The comet assay results in this study showed elevated levels of DNA damage in mussels exposed to WWTPE compared to the controls. Previous studies showed that DNA damage increased in the digestive glands of E. complanata exposed to different concentrations of a primary-treated municipal effluent for seven weeks (Gagné et al. 2007). The results from this study are consistent with that, as well as with the study by Aguirre-Martinez & Martín-Díaz (2020) that indicated a higher effluent genotoxic effect through DNA damage in digestive gland tissues of C. fluminea exposed for 21 days, upstream and downstream of WWTPE discharges in the Guadalete River. The formation of DNA fragments could be one of the results, induced either indirectly via interaction with oxygen radicals or directly via inhibition of repair enzymes. This probably explains the elevated levels of DNA damage in mussels exposed to WWTPE compared to the controls, as shown by the comet assay. Furthermore, elevated levels of DNA damage in mussels exposed to WWTPE may come from some interaction between the metals and proteins, leading to the formation of ROSs, which, in turn, react with DNA yielding single-strand fragments, as suggested by Kasprzak et al. (1992) and Misra et al. (1993).
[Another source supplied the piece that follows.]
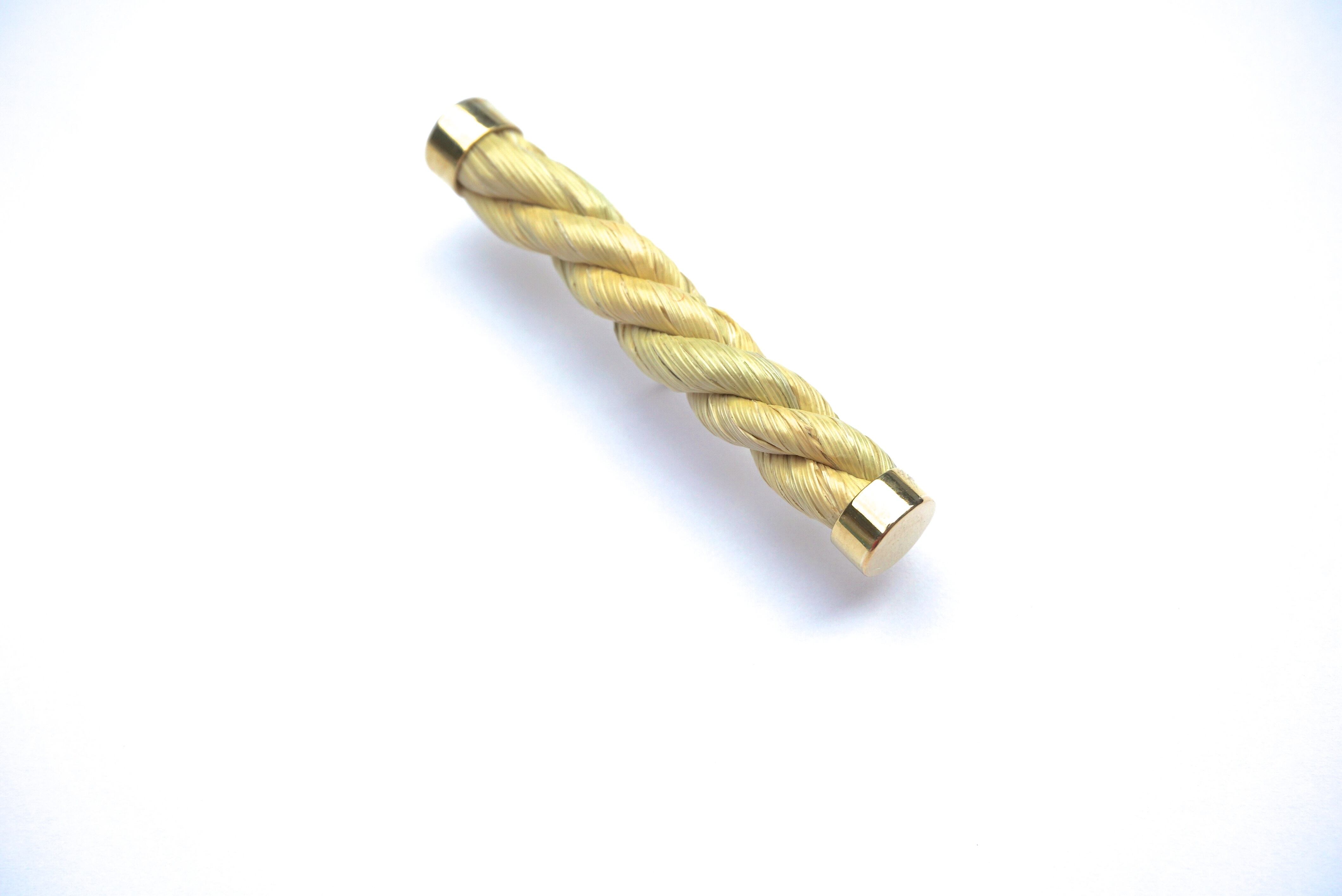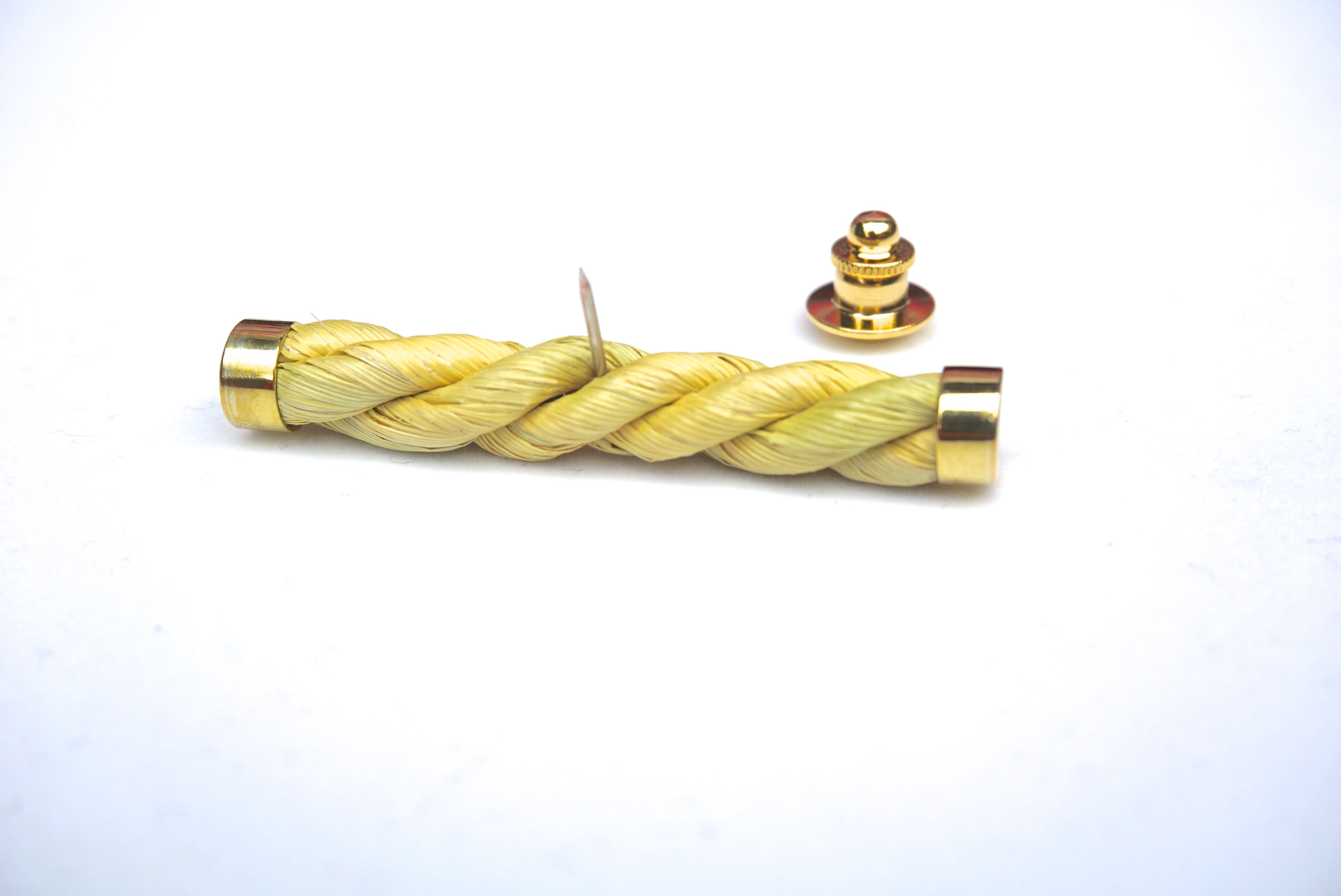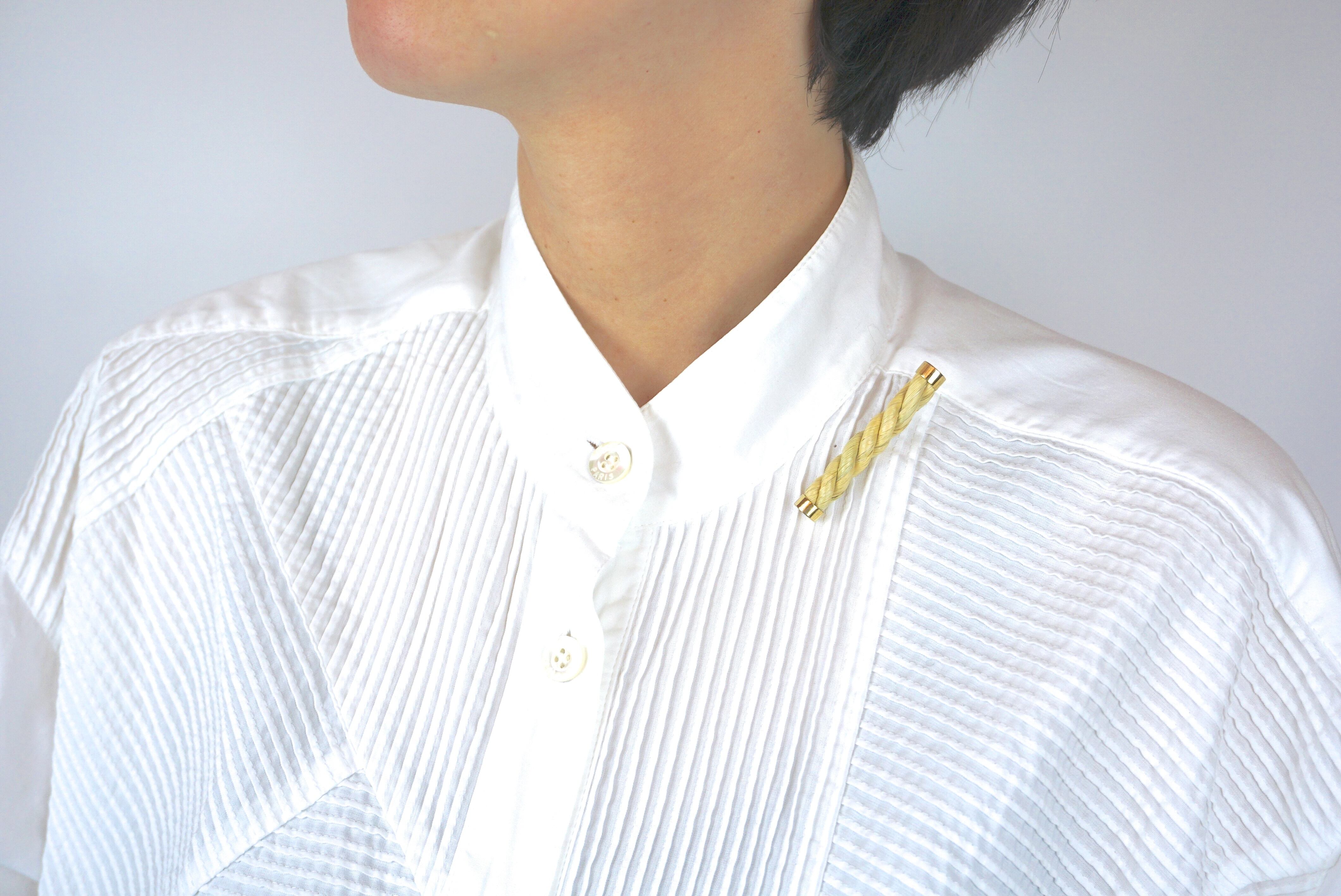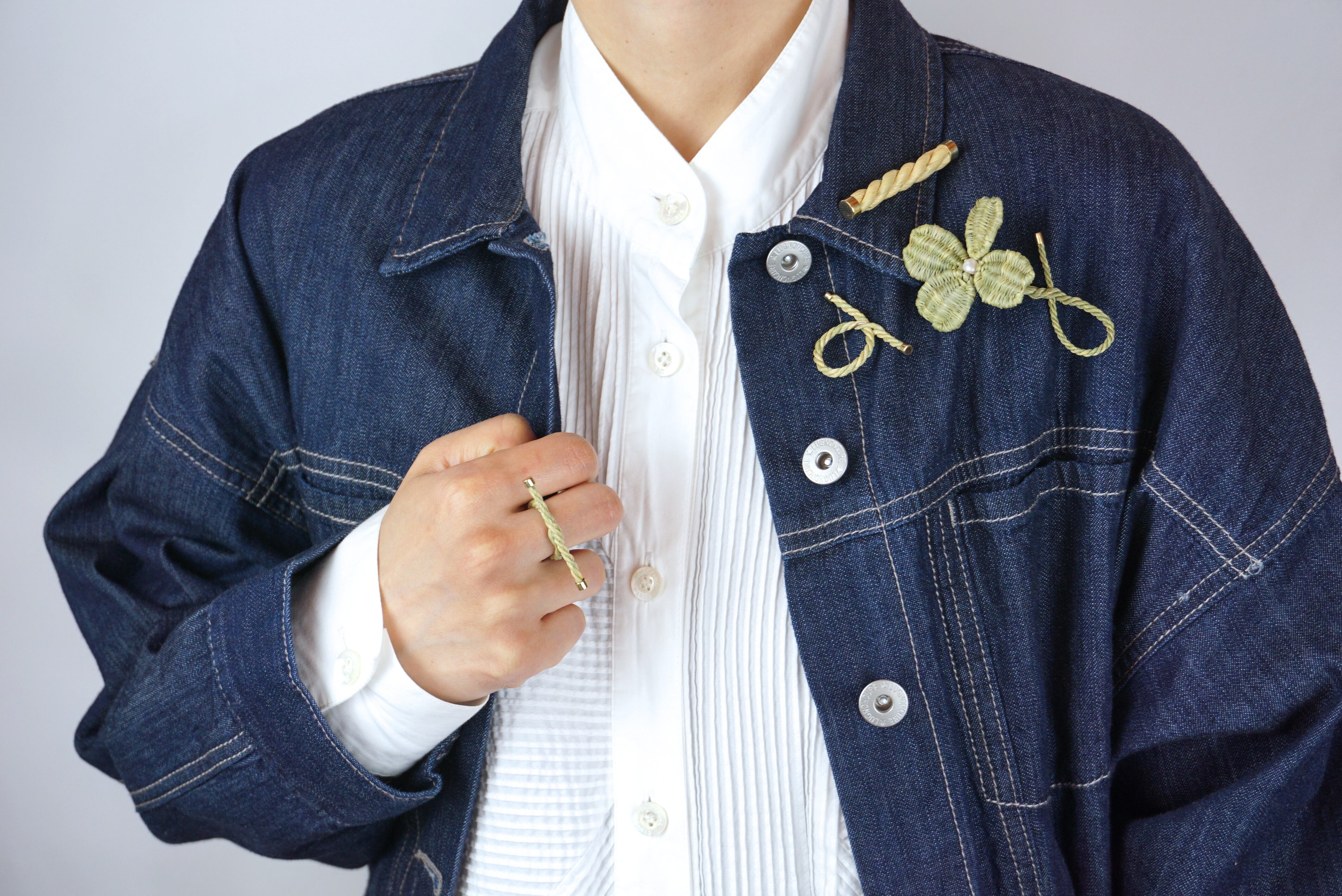 1本の縄綯いに、人生において自分らしい何らかのカタチで身を立てて頂きたいと願い、制作しました。縄ないのシンプルな曲線美は、さりげなく、胸元や襟元等に身に着けられるデザインとなっています。
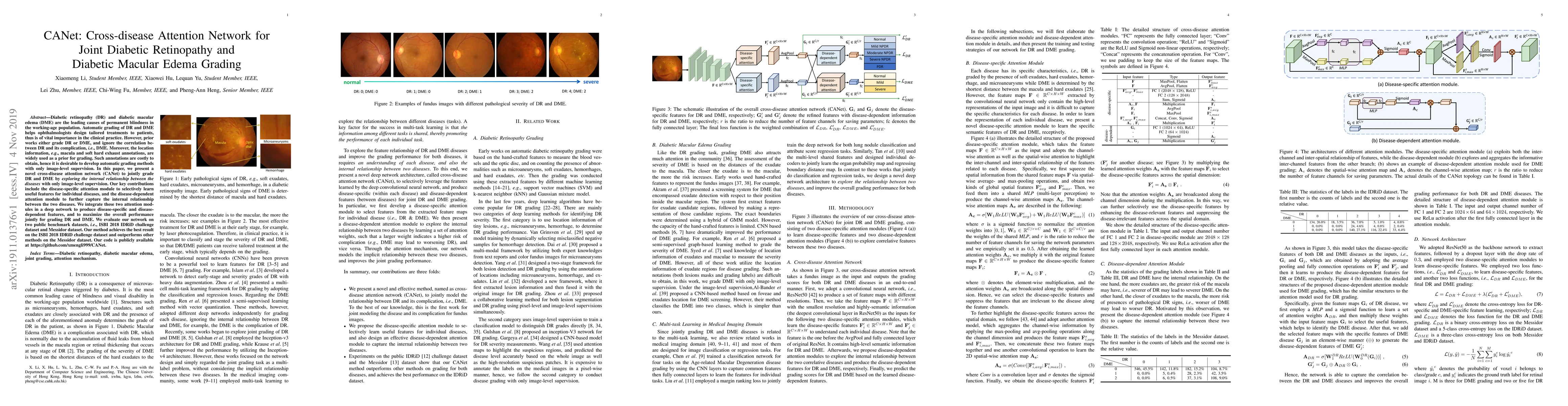 The CANet is a novel cross-disease attention network designed to jointly grade diabetic retinopathy and diabetic macular edema using only image-level supervision, leveraging disease-specific and disease-dependent attention modules to capture the relationship between the two diseases. The method outperforms existing approaches on benchmark datasets and is publicly available for further research.

The results of this study support the roles of lysosomal membrane stability, MDA levels and DNA damage as pollution biomarkers in evaluating biological cleaning products using M. galloprovincialis. The exposure of freshwater mussels to chlorinated effluents reveals that treated municipal wastewaters have the potential to damage living organisms and possibly affect the status of the surrounding environment.
The authors declare that they did not receive any funding for the present study. The authors declare that they have no known competing interests that could have appeared to influence the work reported in this paper.
DATA AVAILABILITY STATEMENT
All relevant data are included in the paper or its Supplementary Information.
CONFLICT OF INTEREST
The authors declare there is no conflict.